Your goal
Give again, word for word, the lines below that run from the line with "GrabräuberDeir el-Bahri, Ägypten" through the line with "Modern Landing Page". Drop the pictures.

Dataset extract
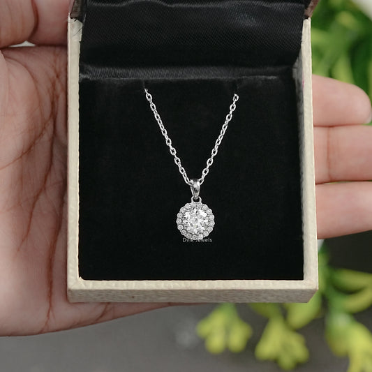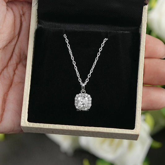 Cushion Cut Lab Grown Diamond Halo Pendant
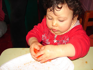 Hace unos días publicamos como aprender matemáticas con elementos naturales que hay en todas partes como las Naranjas , hoy comparto con ustedes otro de nuestros talleres de cocina , pero esta ves lo hicimos con el grupo hetereogeno menor de 1 año a 2 años 6 meses, como estamos conociendo aspectos de nuestra cultura por encontrarnos en el Mes de Patria hicimos PEBRE, que no falta en ninguna mesa Chilena al momento de hacer algún almuerzo, asado, etc. Usamos Tomates frescos, cilandro, limón , sal y algunos aliños, nos falto el ají y la cebolla que no lo incluimos porque son sabores muy fuertes para los niños ,pero la experiencia fue muy maravillosa
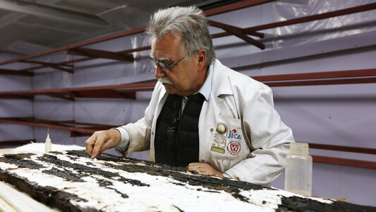 GrabräuberDeir el-Bahri, Ägypten - Antonio Morales hält eine mumifizierte Leiche. (Windfall Films)Bild: © Copyright © The National Geographic Channel.
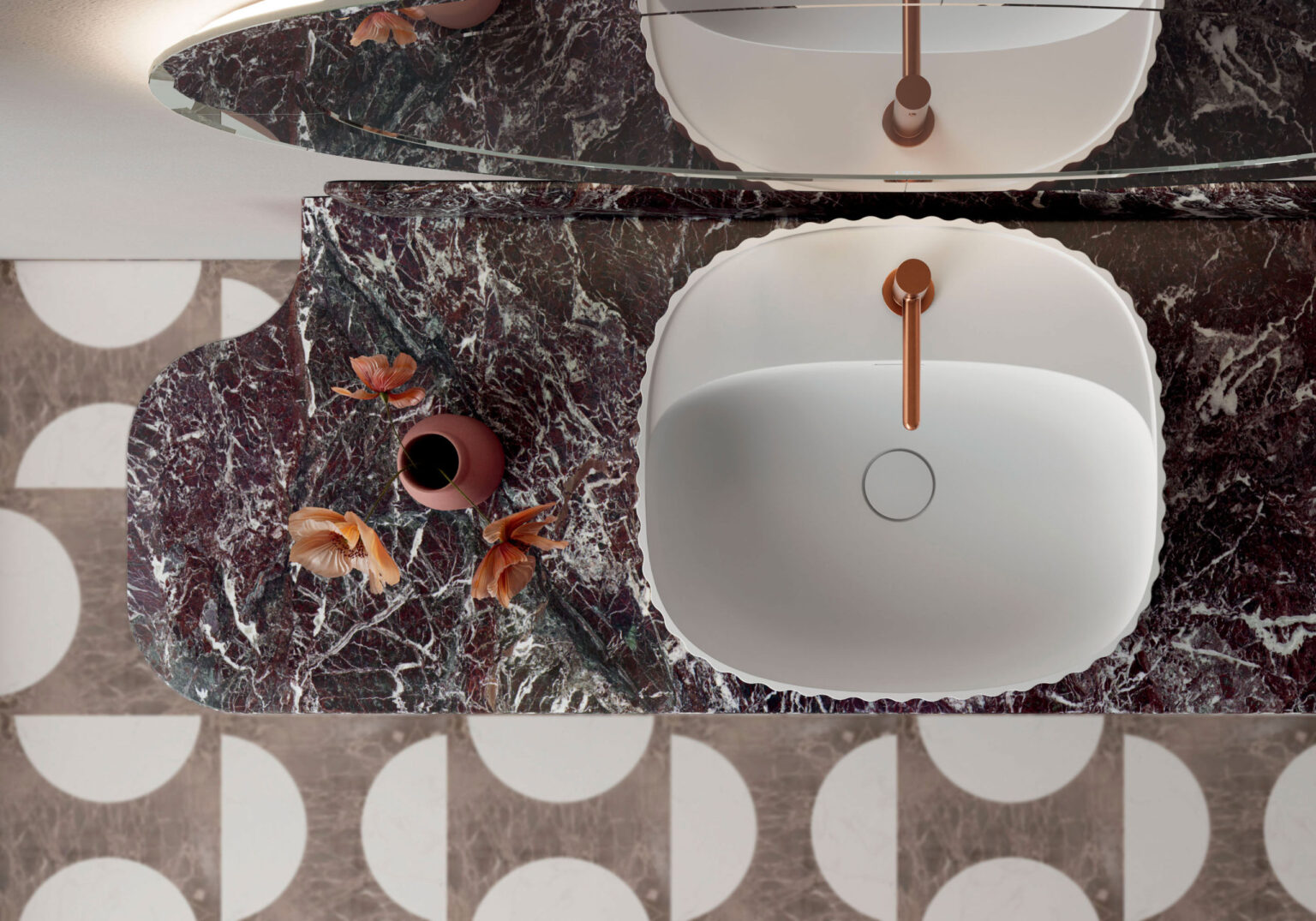 Lavabo Giove04 sobre encimera, de Cristalplant® blanco mate, coloreado exteriormente o completamente coloreado en los colores mate y Metal Colour Ideagroup (colores Metal sólo para exterior). Con orificio para grifo y rebosadero.
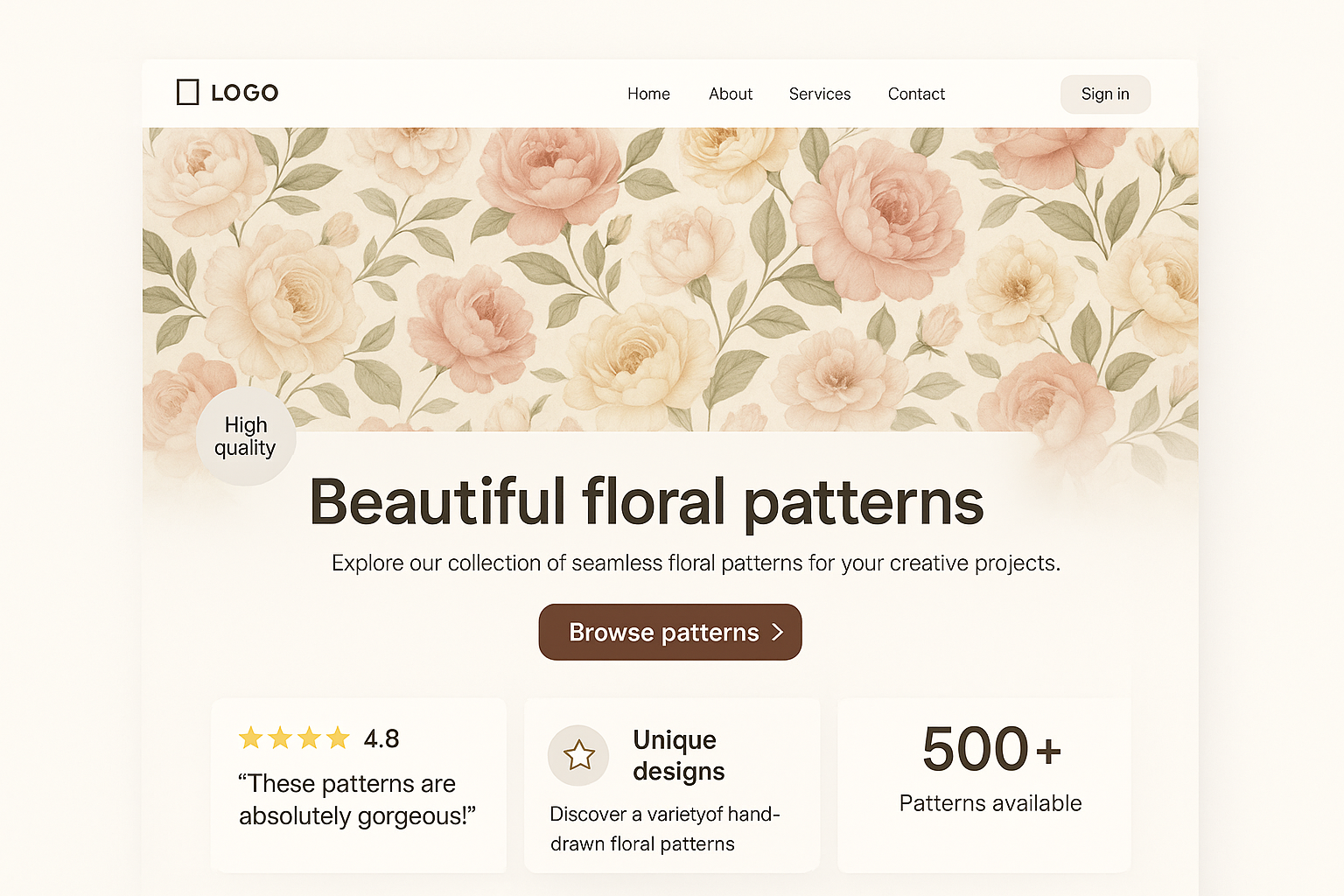 Modern Landing Page Design with Floral Patterns
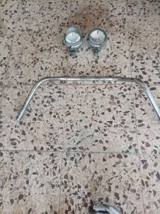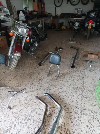 Conjunto de accesorios para motocicleta Harley Davidson 1340 Evo. - Manillar cromado original heritage 30 euros - Respaldo original con soporte 100 euros - Tubo de escape no homologado 100 euros 1 escape dual completo con sus colectores ,,,, vendido - Otros componentes metálicos. Defensa alforjas, vendido Embellecedor rueda trasera vendido Todo 130 euros para hacer sitio en garage , venta en persona
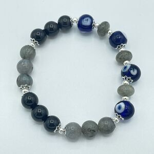 Crystal beaded stretch bracelet ONE NEW evil eye silver obsidian labradorite rei
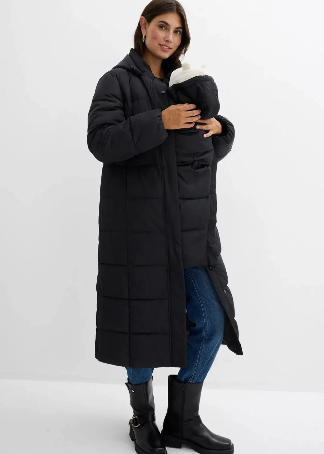 Dieser warm wattierte Mantel in bequemer Oversize-Passform für die Schwangerschaft und Tragezeit. Eingriffstaschen bieten Platz für wichtige Kleinigkeiten im Alltag. Der Trageeinsatz ist so gestaltet, dass er den Hals der Mutter angenehm wärmt, und verfügt über verdeckte Druckknöpfe sowie eine Babykapuze mit verstellbarem Kordelzug. Eine extra große Kapuze für die Mutter schützt zuverlässig bei Wind und Wetter. Ein praktischer Zwei-Wege-Reißverschluss sorgt für mehr Bewegungsfreiheit, während elastische Bündchen an den Ärmeln Kälte und Wind zuverlässig abhalten.
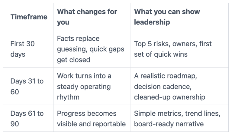 By day 30, you should be able to tell the CEO and board: "Here are the top five risks from our initial risk assessment, what they mean in business impact, what we're doing now, and what decisions we need."
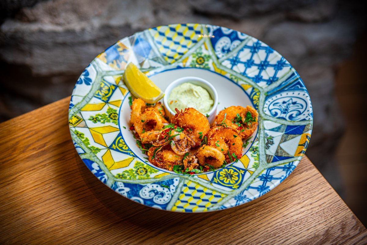 Panko paneeringus frititud mereannid ürdiaioliga Seafood fried in panko breading with herb aioli
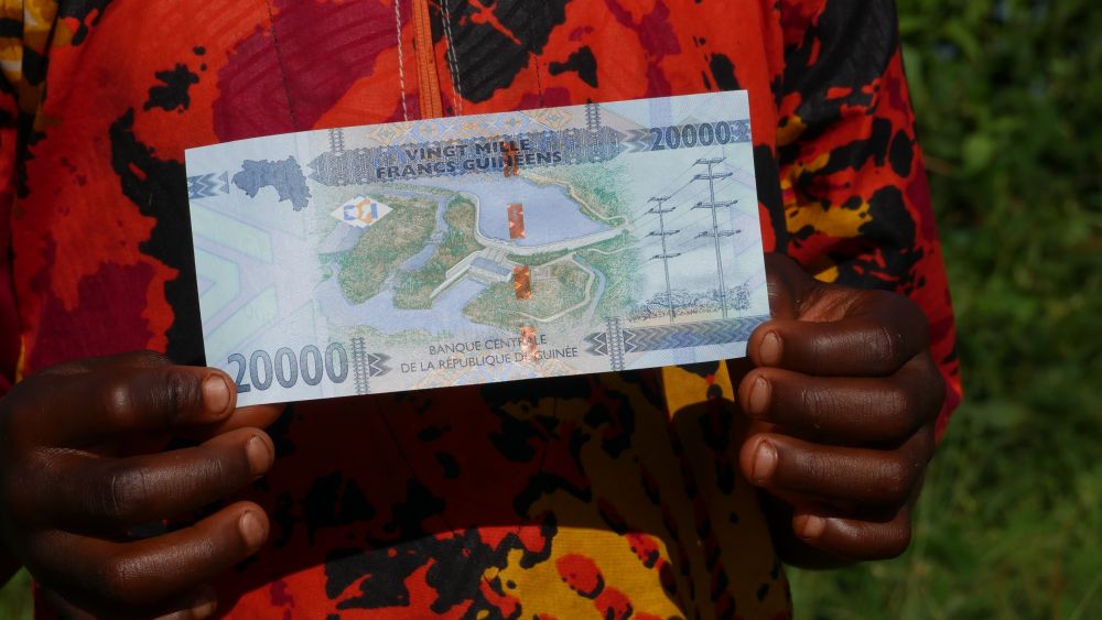 水電站的實(shí)際效果圖被印在面值2萬幾內(nèi)亞法郎紙幣背面。2023年9月7日攝。新華社記者鄭揚(yáng)子攝

Response
 GrabräuberDeir el-Bahri, Ägypten - Antonio Morales hält eine mumifizierte Leiche. (Windfall Films)Bild: © Copyright © The National Geographic Channel.
 Lavabo Giove04 sobre encimera, de Cristalplant® blanco mate, coloreado exteriormente o completamente coloreado en los colores mate y Metal Colour Ideagroup (colores Metal sólo para exterior). Con orificio para grifo y rebosadero.
 Modern Landing Page Design with Floral Patterns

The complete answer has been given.